As you explore the options for your associate’s degree, ask for the contact information of any alumni groups. Have a short phone call or email exchange. Ask them how the school benefitted them and what to expect. Make this part of the process a way to learn about the program you want to join. If at any point there is something you don’t understand, make sure you slow down and find a good explanation.

Why Choose to Pursue an Associate’s Degree

College costs a great deal of money. While you are at the beginning of your career, just obtaining your first higher-level classes, you might not want to get saddled with enormous debt. The associate’s degree gives you flexibility while you pursue jobs in the profession that interests you.

However, this kind of degree isn’t for everyone. Some career paths require that you get a bachelor’s degree as soon as possible. Nonetheless, for many, an associate’s degree is a good way to cut down on those initial costs.

By starting at a community college, you save money on the core classes you need for a four-year degree. In certain fields, like nursing or other medical professions, an associate’s degree might help you get work right away. So you can get this degree first, begin earning money and obtain real-world experience.
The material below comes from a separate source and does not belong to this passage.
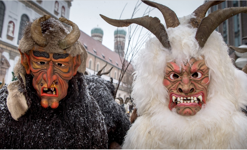 كرامبوس، الشخصية الشيطانية التي ترافق موسم القديس نيكولاس في جنوب ألمانيا، يظهر في مسيرات مرعبة خلال ليلة الخامس من ديسمبر، خاصة في بافاريا والنمسا، ضمن فعاليات تُعرف باسم “سباق كرامبوس”.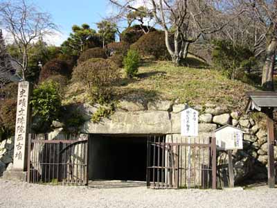 そしてふと目の前が開けたかと思ったら 目的地御破裂山山頂に到着です 「到着ー。って、山頂丸々お墓なんだコレ」 「ううーん、でも、藤原鎌足って違うとこに墓があったような気が…」

Then maybe go back, finish your bachelor’s and reenter the workforce at a higher rate of pay.

Ultimately, it’s not about choosing to get an associate’s degree or to get a bachelor’s. It’s whether an associate’s degree puts you into a position so that you get the career and education you want. The key to using this option is to learn how the people before you have used it to land in the right place. As you make your decisions, reach out to those who have gone before and start asking questions.